⬆️ ⬇️

Diagnosing problems with the "unstable availability" of the site



I present to you the article, the purpose of which is to determine the sequence of actions in the analysis of unstable loading pages or inaccessibility of the site for the average user. In addition, I propose to supplement my scheme with the general mind of the habrasoobshchestva, so I am waiting for your comments under the post, so that together we can form a “reminder for the non-sysadmin”.



So let's get started.



First, you need to exclude from the list of possible faults the most obvious and easily diagnosed: the lack of connection to Wi-Fi, problems on the side of the Internet provider, or, for example, the lack of a cable in the socket and the battery in the laptop.



I also propose to omit difficult-to-solve problems and malfunctions of the local Internet or the computer itself, which require the direct intervention of a sysadmin.
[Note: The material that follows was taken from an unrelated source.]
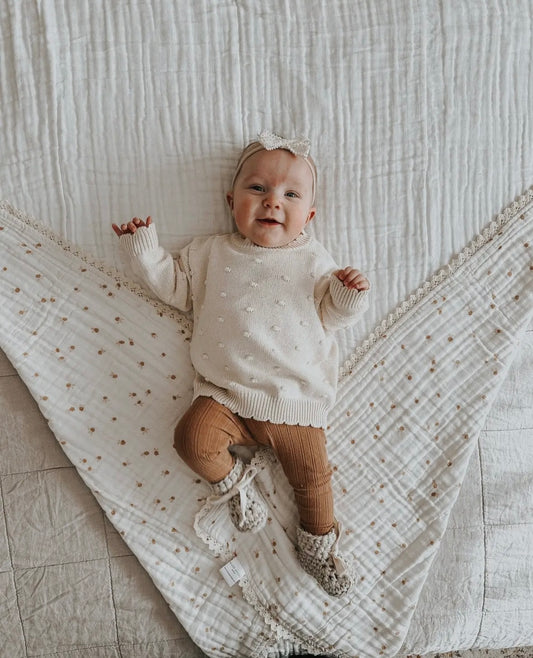 Organic Knit Sweater | Cream Pom
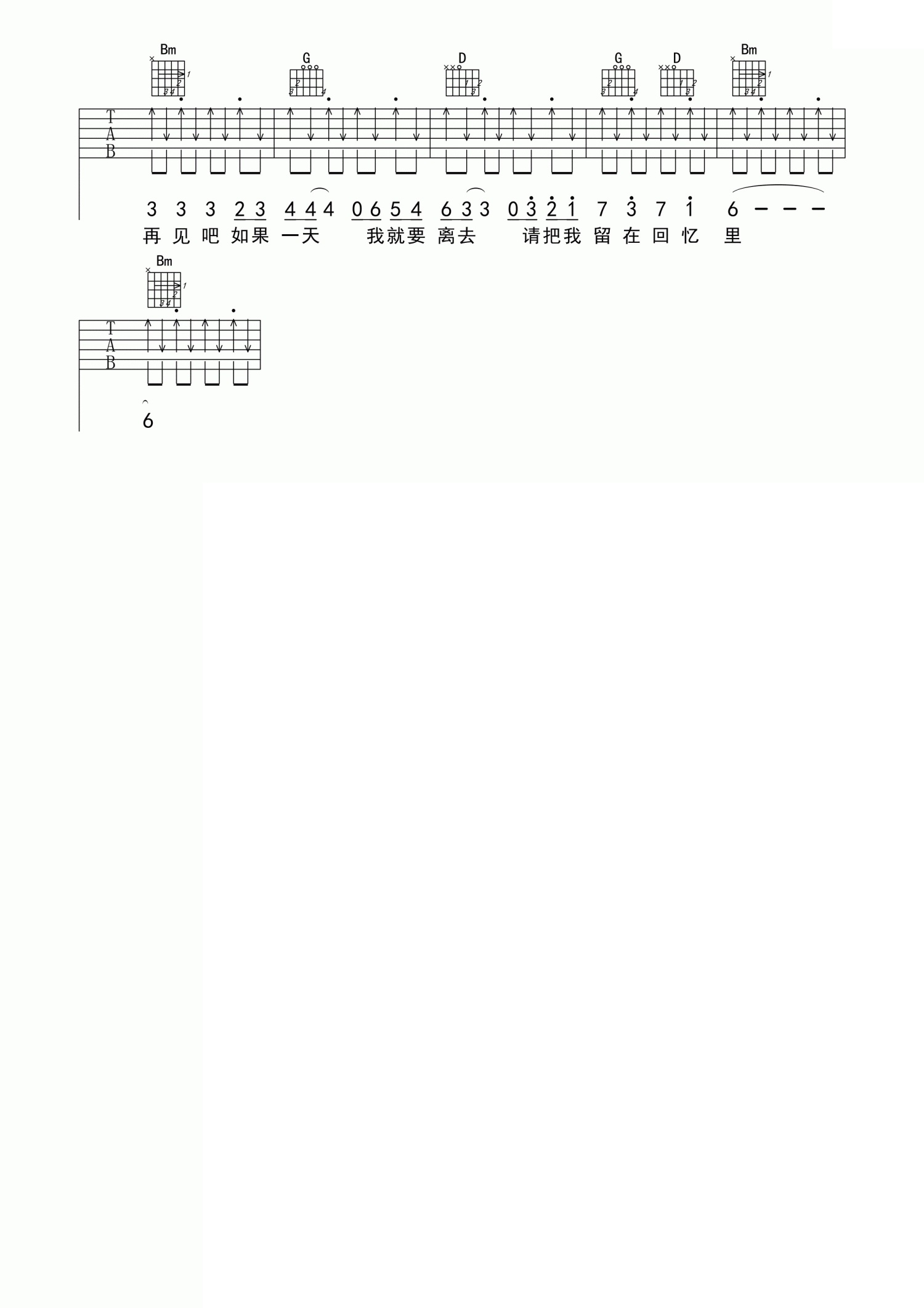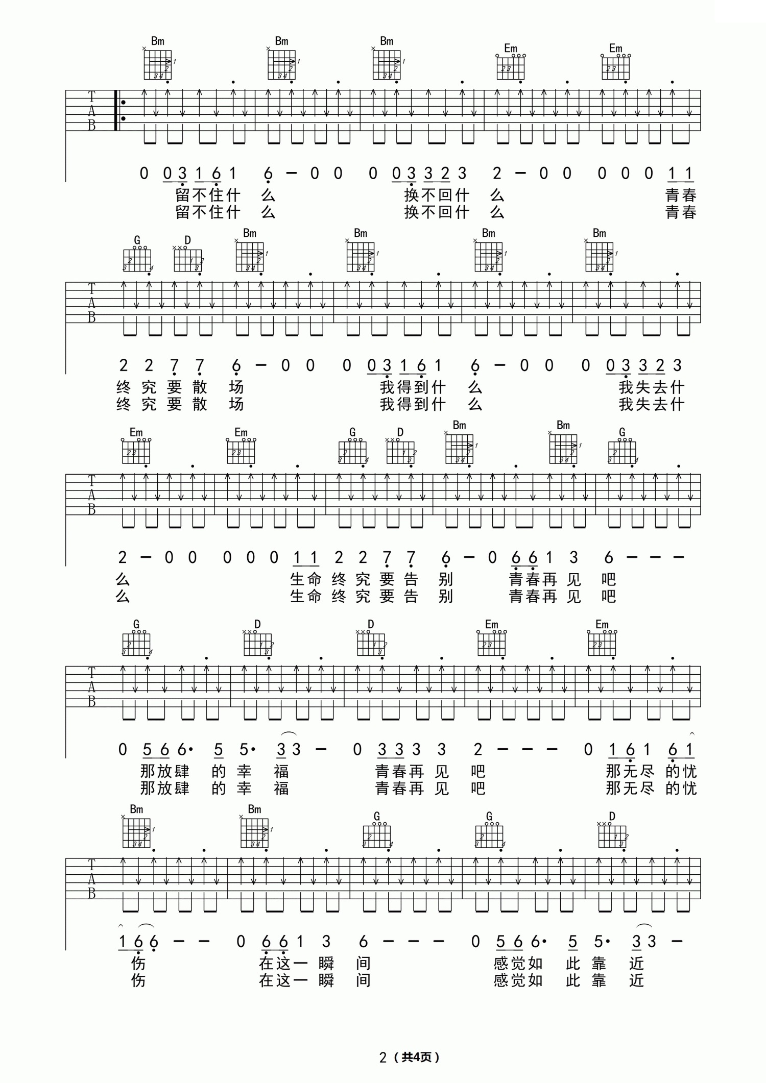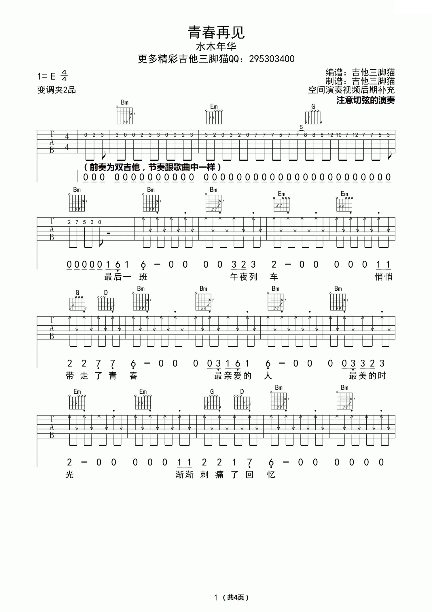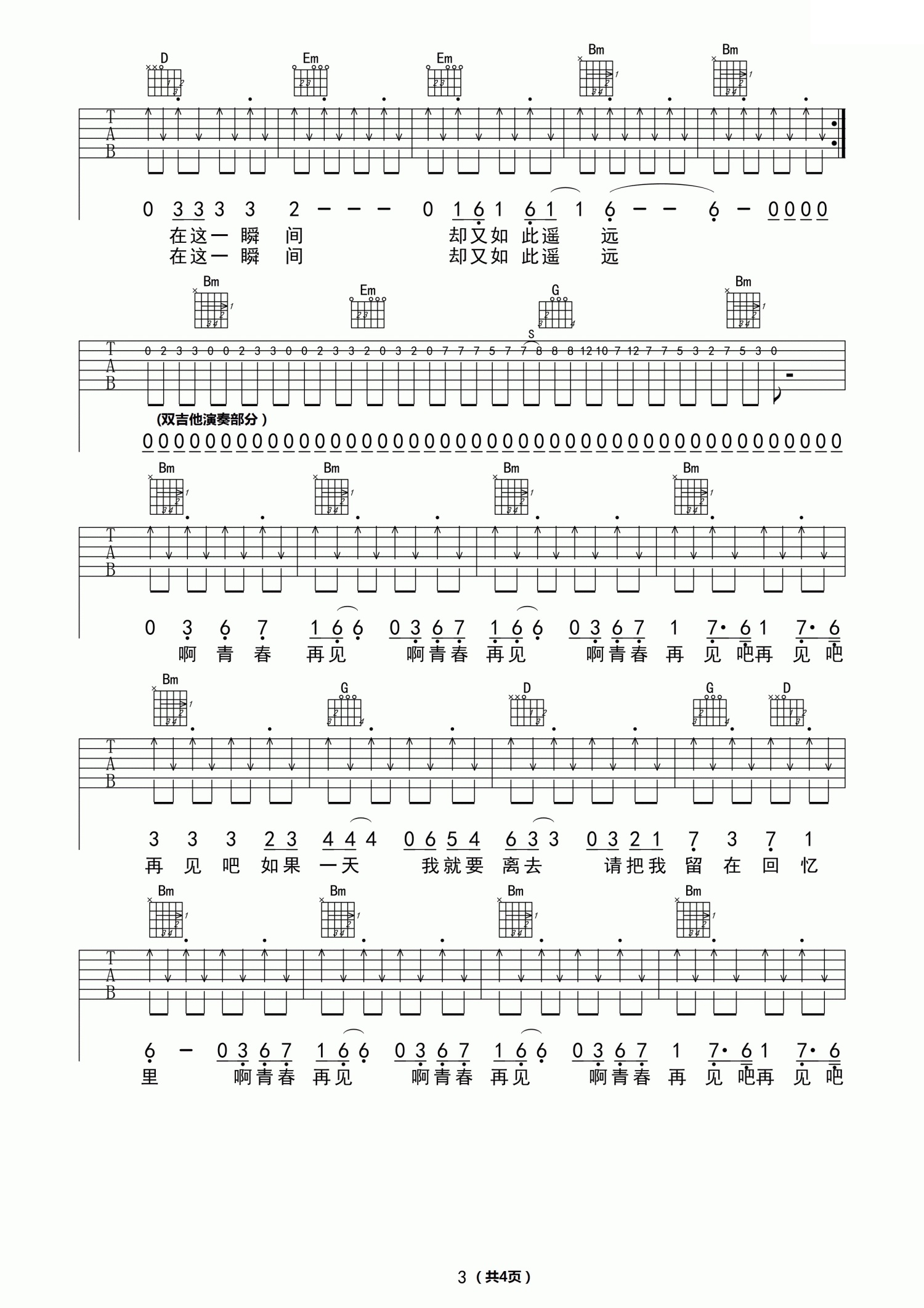 曲谱介绍: E调版《青春再见》吉他弹唱六线谱

These may be Trojans, problems with hardware, browser or operating system, MTU on the router, incorrectly configured DNS or DNS failures and a number of problems that can be identified, but the article will turn into a book or even in a training course.



Let us dwell on the fact that we have no problems with the Internet and the websites are loading normally, but our site is accessible with interruptions or is not available at all.

')



How to find the cause?



1. The Internet is a huge number of highways leading from the server to the server, and there are cases when our server is working and we see other sites, but here the path of the packets from us to our site is broken: the network has been segmented because of a routing failure or somewhere then there was a failure in the channels of the providers. Of course, in the console, the traceroute command (tracert on Windows) will show whether the server of our site is accessible, which servers go through the packages and where they stop. If traceroute and ping do not reach our server, but reach the hosting network, then it’s time to call the hosting technical support or sysadmins, since in this case it will be difficult to do something on your own.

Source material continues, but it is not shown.